Первое, что я увидел в полумраке дома в Роша, был кухонный стол. Солнце развернуло на нем золотистую скатерть, как только Жюли отворила один из ставней.
Стол Жюли.
– Значит, это и есть место твоего рождения?
– Да, здесь я и родилась, милостью Маттиаса и кухонного ножа. Кесарево. Мой отец-губернатор сам вскипятил воду на этой плите.
Старинная плита с гирляндами остролиста, бегущими каймой по белой эмали. 603-й номер того выпуска. Будь благословенна, старая развалина.
– Вода из источника, дрова из сада. Можешь не беспокоиться, Бенжамен, я – продукт натуральный.
– Она все еще действует?
– Действует достаточно исправно, чтобы накормить тебя и обогреть. Мечта фаланстера, наша старушка. Она еще и нас переживет!
Зеленоглазый полицейский высадил нас там, где к шоссе примыкает грунтовая дорога. Жюли хотела пройти остаток пути пешком. Ей нравилось приходить сюда одной сквозь эти одинокие поляны, и чтобы никто о том не ведал, кроме штокроз, окруживших ферму плотным кольцом. Сейчас ее голос доносился издалека: она открывала ставни в другой комнате, и в следующей, так, постепенно, очерчивая по периметру свое детство. Свет Веркора не заставлял себя долго упрашивать. Теперь ферма Роша походила на гнездо, сплетенное из прутьев полумрака, пронизанного солнечным светом. Треск поленьев, льняные простыни и кислые яблоки-дички: родовой дух.
– Кто у тебя из Веркора, отец или мать?
– Отец. Здесь даже есть деревня, с таким же именем, что уж говорить! Моя мать была итальянка. Северина Боккальди. Их здесь много таких.

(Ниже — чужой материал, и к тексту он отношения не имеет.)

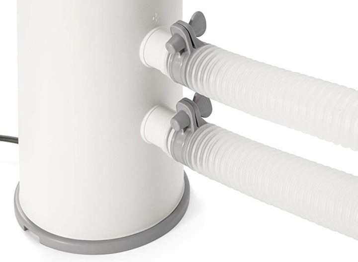 Erfreulicherweise sind Anschlüsse im Lieferumfang dabei. Die passen an viele Intex, Bestway und Avenli Pools wunderbar ran. Die Anschlüsse beinhalten auch das Aeration Set. Damit bekommt Ihr mehr Sauerstoff in den Pool. Außerdem verklumpen feinste Sedimente und können laut Intex besser gefiltert werden, was die Wasserklarheit weiter steigern soll. Über dem Pool selbst soll die Luftfrische steigen, weil der Sauerstoff luftverbessernd wirkt. Der Effekt ist sicherlich da – spürt man ihn aber bewusst? Ich würde sagen: Nein.

Эмигранты из Бергамо – это в Ломбардии. Дровосеки.
Ее голос шел сквозь тишину комнат и веков.
– Значит, немцы не сожгли вашу ферму?
– Ни один злодей на свете не может спалить все до конца… Они взорвали школу, там, немного дальше, в Туртре. А обрывки школьных тетрадей попадались даже здесь, среди деревьев.
Я следовал за ней, чуть отставая. Я входил в каждую комнату, которую она только что покинула. Я чувствовал здесь запах ее двенадцати лет. В спальне я застрял между взглядами ее отца и матери. Она, ломбардка, красивая донельзя, в рамке фотографии, совсем юная, глядела прямо на него, а он стоял в зарослях штокроз на снимке, сделанном накануне смерти – скелет в белом мундире колониального губернатора, – устремив на нее с противоположной стены взгляд, полный любви. Встряв между ними, я поспешил сделать шаг назад. Как он на нее смотрел! Как он смотрел на нее сквозь все эти годы!
– Любовь в твоем понимании, Бенжамен… Он так больше никогда и не женился потом.
Жюли говорит мне это прямо на ухо. И добавляет, помедлив:
– Поэтому я и взбесилась тогда.
– Отчего она умерла?
– Рак.
Мы говорили вполголоса.
– Он часто о ней говорил?
– Да так, иногда, к слову… «святая заступница штокроз»… «нежная, как твоя мать, дочь дровосека»… или, еще, когда я выходила из себя: «Так, Жюли! Давай! Покажи свой ломбардский нрав!»
– И никаких других женщин?
– Да было несколько девиц…
Зажатый в тисках рамки, губернатор слушал нас сейчас с бессильной усмешкой, разводя руками, плоскими, как листья штокрозы.
– Когда ему уж очень ее недоставало, он ополчался на штокрозы.
Жюли как-то рассказывала мне об этих приступах агрессии против мальвовых зарослей. Битва с печалью. Заранее проигранная. Нет сорняка живучее этой заморской розы.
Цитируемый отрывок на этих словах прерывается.